▶ WHAT TO DO
Copy exactly. Include the line containing "For the true", every line after it, and the last line below, but no pictures.

▶ PROVIDED MATERIAL
○ ○ ○ ○ ○ ○ ○

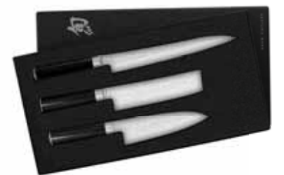
SHUN PRO ASIAN CHEF'S SET VGS0300 | Deba 6 1/2", Usuba 6 1/2" and Yanagiba 9 1/2" in a gift boxed set

For the true Japanese cuisine aficionado, nothing compares to the scalpel-like precision of a single-bevel blade. The newly updated Shun Pro line features the same incredibly sharp chisel edges as in the past and Shun's D-shaped PakkaWood® handles, which lend a secure and comfortable grip. The beautiful graffiti-etched blade is made with high-carbon VG10 steel, which takes and holds an edge longer than other premium steels. The blade backs are gently hollow ground, creating an air pocket between the knife and the food being cut, so the knife glides through food with quick precision. The wide shinogi (or blade bevel) makes sharpening these knives on a whetstone practically effortless.
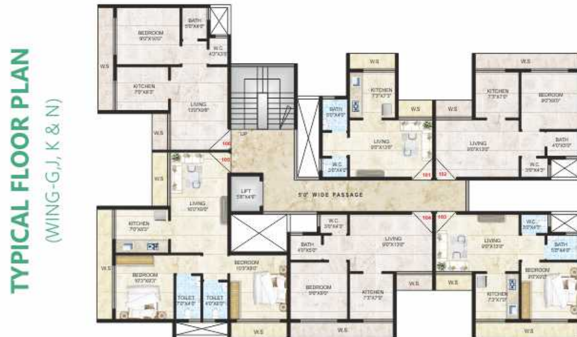
TYPICAL FLOOR PLAN (WING-G, J, K & N)

○ ○ ○ ○ ○ ○ ○

▶ EXPECTED ANSWER
For the true Japanese cuisine aficionado, nothing compares to the scalpel-like precision of a single-bevel blade. The newly updated Shun Pro line features the same incredibly sharp chisel edges as in the past and Shun's D-shaped PakkaWood® handles, which lend a secure and comfortable grip. The beautiful graffiti-etched blade is made with high-carbon VG10 steel, which takes and holds an edge longer than other premium steels. The blade backs are gently hollow ground, creating an air pocket between the knife and the food being cut, so the knife glides through food with quick precision. The wide shinogi (or blade bevel) makes sharpening these knives on a whetstone practically effortless.
TYPICAL FLOOR PLAN (WING-G, J, K & N)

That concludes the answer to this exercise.